-- Input records --
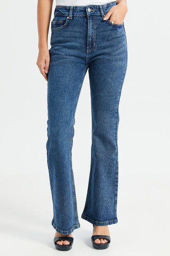 بنطلون جينز نسائي أزرق داكن بساق واسعة وخياطة أمامية
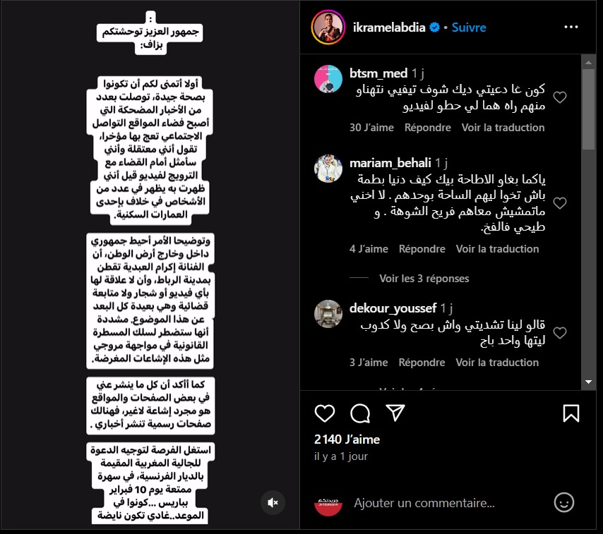 ونشرت إكرام العبدية، عبر حسابها الرسمي على موقع التواصل الاجتماعي “انستغرام“، تدوينة تكشف من خلالها حقيقة خبر اعتقالها قائلة: “جمهوري العزيز توحشتكم بزاف أولا أتمنى لكم أن تكونوا بصحة جيدة، توصلت بالعديد من الأخبار المضحكة التي أصبح فضاء مواقع التواصل الاجتماعي تعج بها مؤخرا، تقول أنني معتقلة وأنني سأمثل أمام القضاء مع الترويج لفيديو قيل أنني ظهرت به يظهر فيه عدد من الأشخاص في خلاف بإحدى العمارات السكنية”
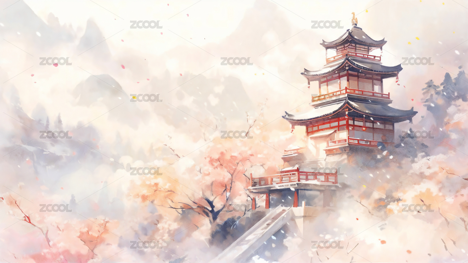 水彩古风场景
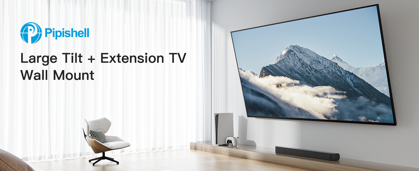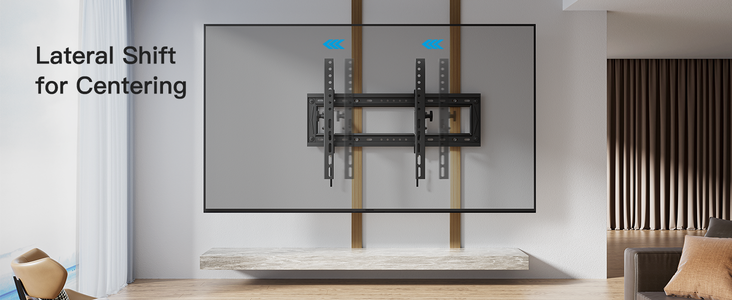 Full -8° Tilt Range: The large TV wall mount features -8° tilt range to direct the screen toward your position. Even if you own a large 90” TV, the innovative design provides enough flexibility for full downward tilt.
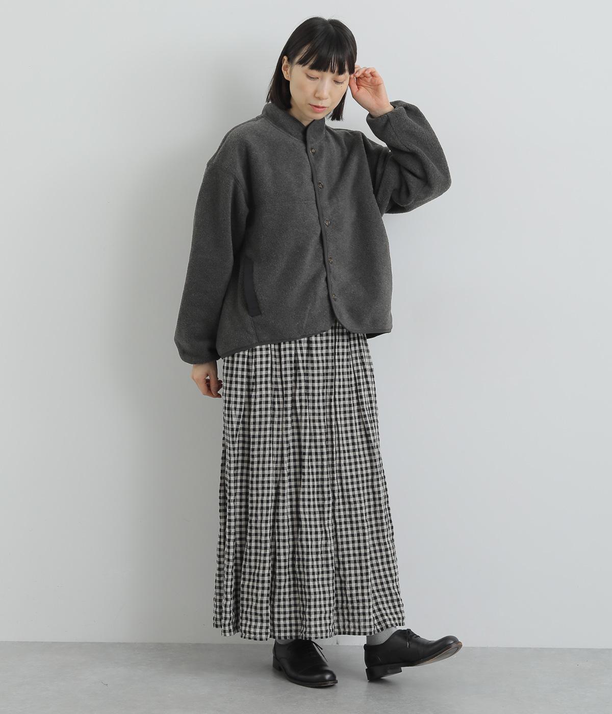 アウトドア感にナチュラルなムードをプラスした、日常に取り入れやすいフリースジャケット。後ろ裾にタックを入れ、丸みのあるコクーンシルエットに仕上げています。前着丈は短めに設定して好バランスに。縁にあしらったパイピングで全体を引き締めました。
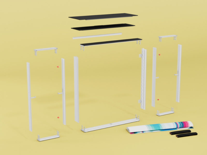 Assembly is very straight forward for this counter and can be set up in a few minutes without the need for tools. Several counters can be set up and connected next to each other in order to create a long continuous counter wall if necessary.
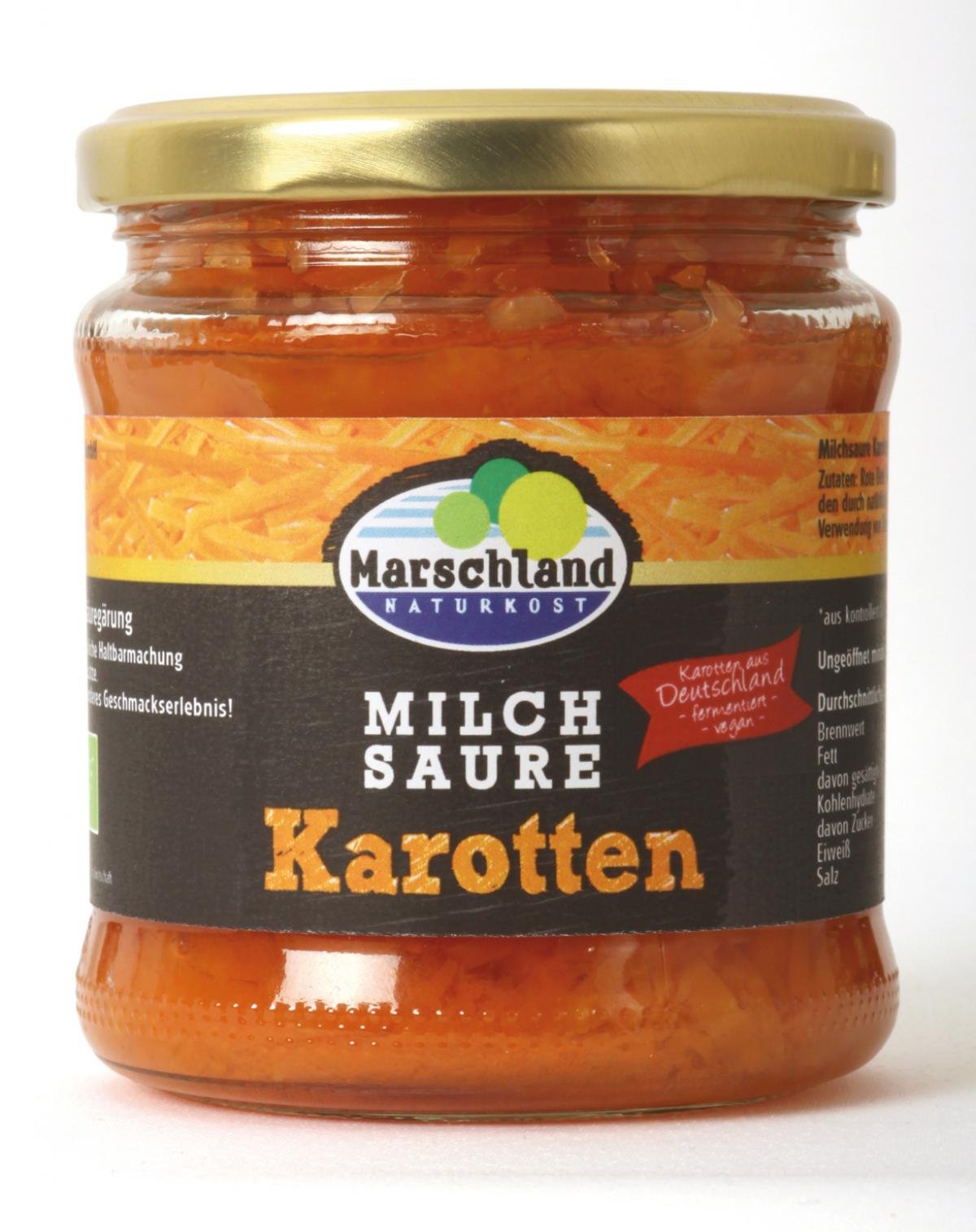 Tafelfertig zubereitete biologische Karotten, in feine Streifen geschnitten, die einer natürlichen Milchsäuregärung in einer Salzlake unterzogen worden sind und später durch Pasteurisation im luftdicht verschlossenen Behältnis dauerhaft haltbar gemacht worden sind.
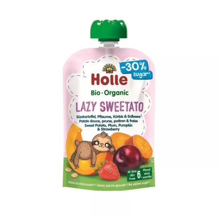 Holle Lazy Sweetato Био пауч сладък картоф, слива, тиква, ягода е здравословна закуска, която е богата на витамини и полезни хранителни вещества, подходяща за употреба след 6-ия месец на детето. Тя има балансиран състав и вкус, и децата ще я харесат. Практичната опаковка е удобна за консумация у дома и навън. Холе Био пауч сладък картоф, слива, тиква, ягода е без добавена захар и ще допълни добре балансираното хранене на детето.
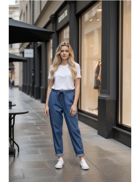 Ce pantalon est un classique de la garde-robe, ceinture élastique, reserrage avec un cordon à la taille, très confortable.
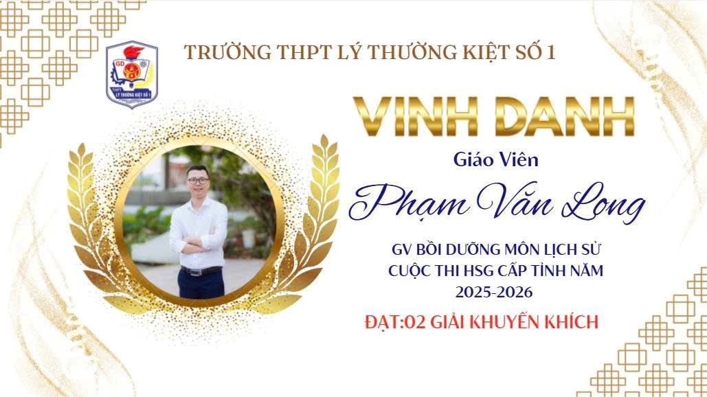 Thầy Phạm Văn Long là giáo viên giàu nhiệt huyết, luôn truyền cho học sinh niềm yêu thích lịch sử dân tộc. Trong quá trình bồi dưỡng, thầy chú trọng rèn tư duy hệ thống, khả năng phân tích và lập luận cho học sinh. Sự tận tâm và phương pháp linh hoạt của thầy giúp các em học tập hiệu quả hơn. Kết quả đội tuyển đạt 02 giải Khuyến khích cấp tỉnh. Thành tích này thể hiện rõ sự cố gắng không ngừng của thầy và trò.
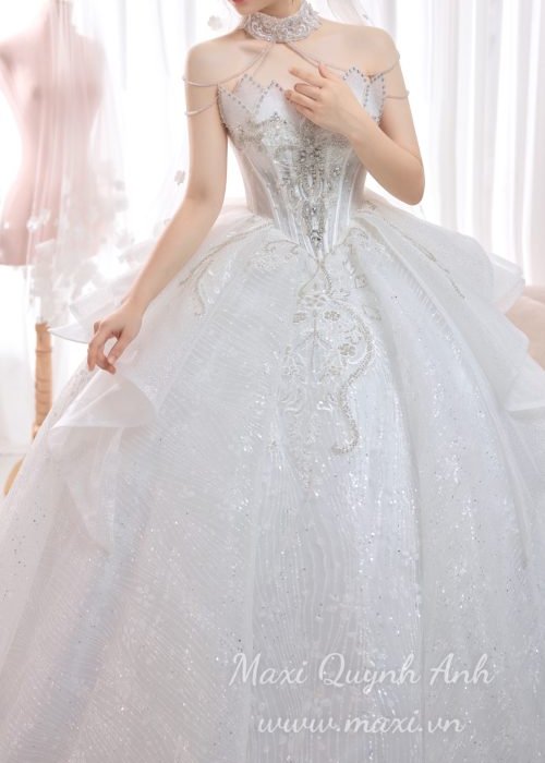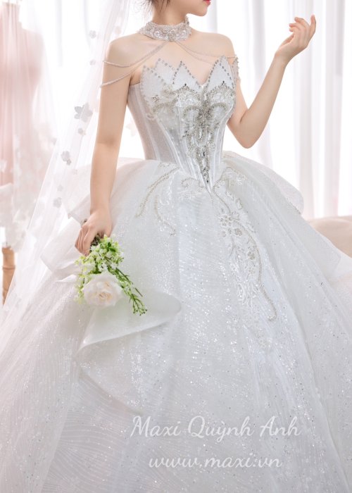 Váy Cưới Kim Sa Cup Ngực Cánh Hoa Cao Cấp
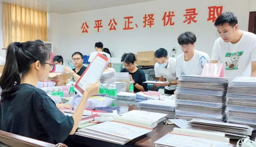 图片说明:日前,在招生办的精心组织下,2023级新生录取通知书邮寄工作顺利完成。图片可见,参与邮寄工作的师生细心地检查、整理、打包录取通知书、入学须知、致家长的公开信等邮寄资料,并交付快递公司进行邮寄。招生办提醒新生随时留意有关物流信息。
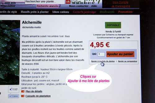 La solution? Place des Jardins me permet de gérer une liste des plantes que j’aimerais dans mon jardin, au fur et à mesure de mes visites j’en rajoute une par ci par là… il a juste suffi que j’ouvre un compte au départ.
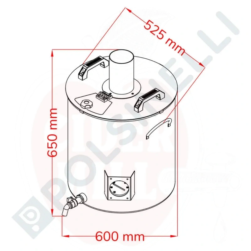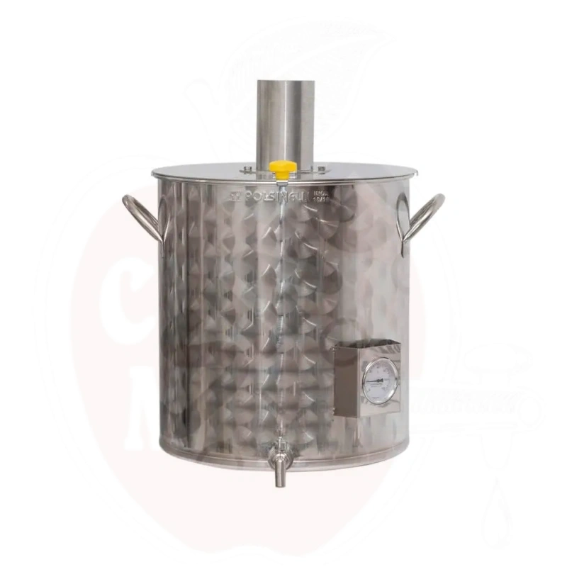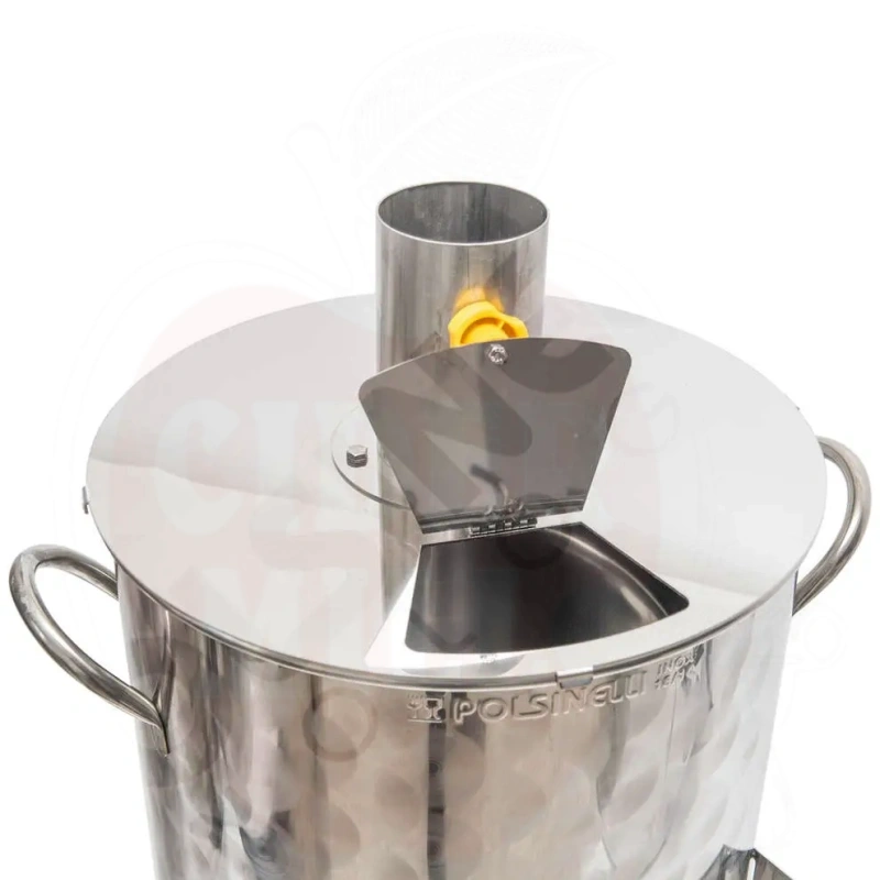 Properties: Manufactured from high quality stainless steel AISI 304 with a robust high thickness lid (20/10mm) and a matching inspection plate for ease of ingredient addition. Equipped with a 1" tap for convenient liquid transfer and a 100mm diameter smoke outlet for easy external tube connection. The pot is built with high thickness bottom (15/10mm) and sides (10/10mm) to optimize heat retention, even without insulation. Not suitable for induction heating.
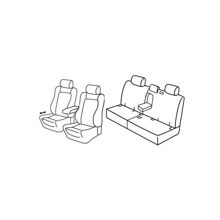 juego de fundas a medida de tela delantera (2 asientos delanteros + reposabrazos + 2 reposacabezas) + (asiento trasero: asiento + respaldo + reposacabezas)
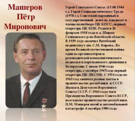 Исполнилось 100 лет со дня рождения Петра Мироновича Машерова, выдающегося политического деятеля советской эпохи, руководителя Коммунистической партии Белоруссии. Вся его легендарная жизнь была отдана созиданию и развитию социалистического общества, утверждению его гуманистических идеалов. Отмеченный двумя высшими государственными званиями — Героя Советского Союза и Героя Социалистического Труда, он стал поистине народным героем.
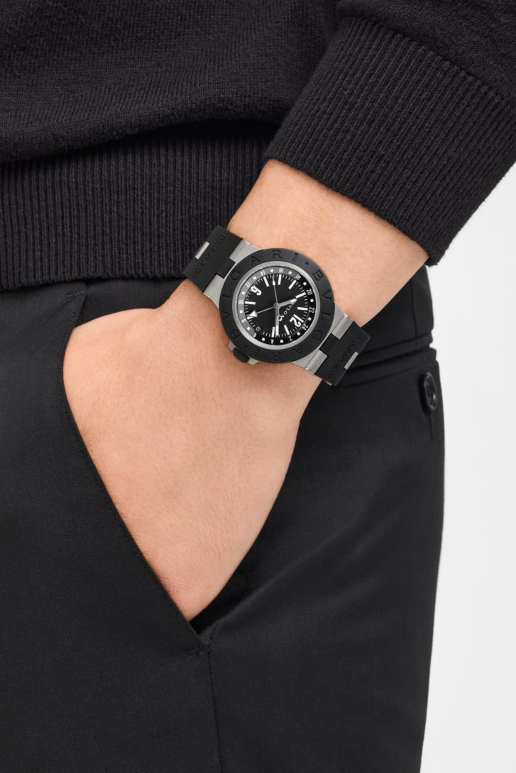 Sin dal lancio della prima generazione di modelli nel 1998, Bvlgari Aluminium ha ridefinito i canoni dell’orologeria sportiva di lusso. Perfetta espressione dello stile impareggiabile e del fascino versatile dell'iconico modello originario, Bvlgari Titanio GMT unisce alla forza del titanio la moderna eleganza del caucciù nero, mentre la funzione GMT integrata dona al modello un tocco di dinamismo. Richiamando i codici distintivi del design Bvlgari, l'orologio è un'icona di stile e maestria all'avanguardia.
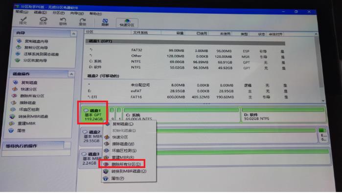 1、进入系统之后首先用无损分区工具格掉原来的所有硬盘(微软默认会保留系统修复的几个G的空间,而且C盘很大,这个都是不合理的)

-- Problem details --
Could you retype the records above exactly, omitting the pictures?

-- Response area --
 بنطلون جينز نسائي أزرق داكن بساق واسعة وخياطة أمامية
 ونشرت إكرام العبدية، عبر حسابها الرسمي على موقع التواصل الاجتماعي “انستغرام“، تدوينة تكشف من خلالها حقيقة خبر اعتقالها قائلة: “جمهوري العزيز توحشتكم بزاف أولا أتمنى لكم أن تكونوا بصحة جيدة، توصلت بالعديد من الأخبار المضحكة التي أصبح فضاء مواقع التواصل الاجتماعي تعج بها مؤخرا، تقول أنني معتقلة وأنني سأمثل أمام القضاء مع الترويج لفيديو قيل أنني ظهرت به يظهر فيه عدد من الأشخاص في خلاف بإحدى العمارات السكنية”
 水彩古风场景
 Full -8° Tilt Range: The large TV wall mount features -8° tilt range to direct the screen toward your position. Even if you own a large 90” TV, the innovative design provides enough flexibility for full downward tilt.
 アウトドア感にナチュラルなムードをプラスした、日常に取り入れやすいフリースジャケット。後ろ裾にタックを入れ、丸みのあるコクーンシルエットに仕上げています。前着丈は短めに設定して好バランスに。縁にあしらったパイピングで全体を引き締めました。
 Assembly is very straight forward for this counter and can be set up in a few minutes without the need for tools. Several counters can be set up and connected next to each other in order to create a long continuous counter wall if necessary.
 Tafelfertig zubereitete biologische Karotten, in feine Streifen geschnitten, die einer natürlichen Milchsäuregärung in einer Salzlake unterzogen worden sind und später durch Pasteurisation im luftdicht verschlossenen Behältnis dauerhaft haltbar gemacht worden sind.
 Holle Lazy Sweetato Био пауч сладък картоф, слива, тиква, ягода е здравословна закуска, която е богата на витамини и полезни хранителни вещества, подходяща за употреба след 6-ия месец на детето. Тя има балансиран състав и вкус, и децата ще я харесат. Практичната опаковка е удобна за консумация у дома и навън. Холе Био пауч сладък картоф, слива, тиква, ягода е без добавена захар и ще допълни добре балансираното хранене на детето.
 Ce pantalon est un classique de la garde-robe, ceinture élastique, reserrage avec un cordon à la taille, très confortable.
 Thầy Phạm Văn Long là giáo viên giàu nhiệt huyết, luôn truyền cho học sinh niềm yêu thích lịch sử dân tộc. Trong quá trình bồi dưỡng, thầy chú trọng rèn tư duy hệ thống, khả năng phân tích và lập luận cho học sinh. Sự tận tâm và phương pháp linh hoạt của thầy giúp các em học tập hiệu quả hơn. Kết quả đội tuyển đạt 02 giải Khuyến khích cấp tỉnh. Thành tích này thể hiện rõ sự cố gắng không ngừng của thầy và trò.
 Váy Cưới Kim Sa Cup Ngực Cánh Hoa Cao Cấp
 图片说明:日前,在招生办的精心组织下,2023级新生录取通知书邮寄工作顺利完成。图片可见,参与邮寄工作的师生细心地检查、整理、打包录取通知书、入学须知、致家长的公开信等邮寄资料,并交付快递公司进行邮寄。招生办提醒新生随时留意有关物流信息。
 La solution? Place des Jardins me permet de gérer une liste des plantes que j’aimerais dans mon jardin, au fur et à mesure de mes visites j’en rajoute une par ci par là… il a juste suffi que j’ouvre un compte au départ.
 Properties: Manufactured from high quality stainless steel AISI 304 with a robust high thickness lid (20/10mm) and a matching inspection plate for ease of ingredient addition. Equipped with a 1" tap for convenient liquid transfer and a 100mm diameter smoke outlet for easy external tube connection. The pot is built with high thickness bottom (15/10mm) and sides (10/10mm) to optimize heat retention, even without insulation. Not suitable for induction heating.
 juego de fundas a medida de tela delantera (2 asientos delanteros + reposabrazos + 2 reposacabezas) + (asiento trasero: asiento + respaldo + reposacabezas)
 Исполнилось 100 лет со дня рождения Петра Мироновича Машерова, выдающегося политического деятеля советской эпохи, руководителя Коммунистической партии Белоруссии. Вся его легендарная жизнь была отдана созиданию и развитию социалистического общества, утверждению его гуманистических идеалов. Отмеченный двумя высшими государственными званиями — Героя Советского Союза и Героя Социалистического Труда, он стал поистине народным героем.
 Sin dal lancio della prima generazione di modelli nel 1998, Bvlgari Aluminium ha ridefinito i canoni dell’orologeria sportiva di lusso. Perfetta espressione dello stile impareggiabile e del fascino versatile dell'iconico modello originario, Bvlgari Titanio GMT unisce alla forza del titanio la moderna eleganza del caucciù nero, mentre la funzione GMT integrata dona al modello un tocco di dinamismo. Richiamando i codici distintivi del design Bvlgari, l'orologio è un'icona di stile e maestria all'avanguardia.
 1、进入系统之后首先用无损分区工具格掉原来的所有硬盘(微软默认会保留系统修复的几个G的空间,而且C盘很大,这个都是不合理的)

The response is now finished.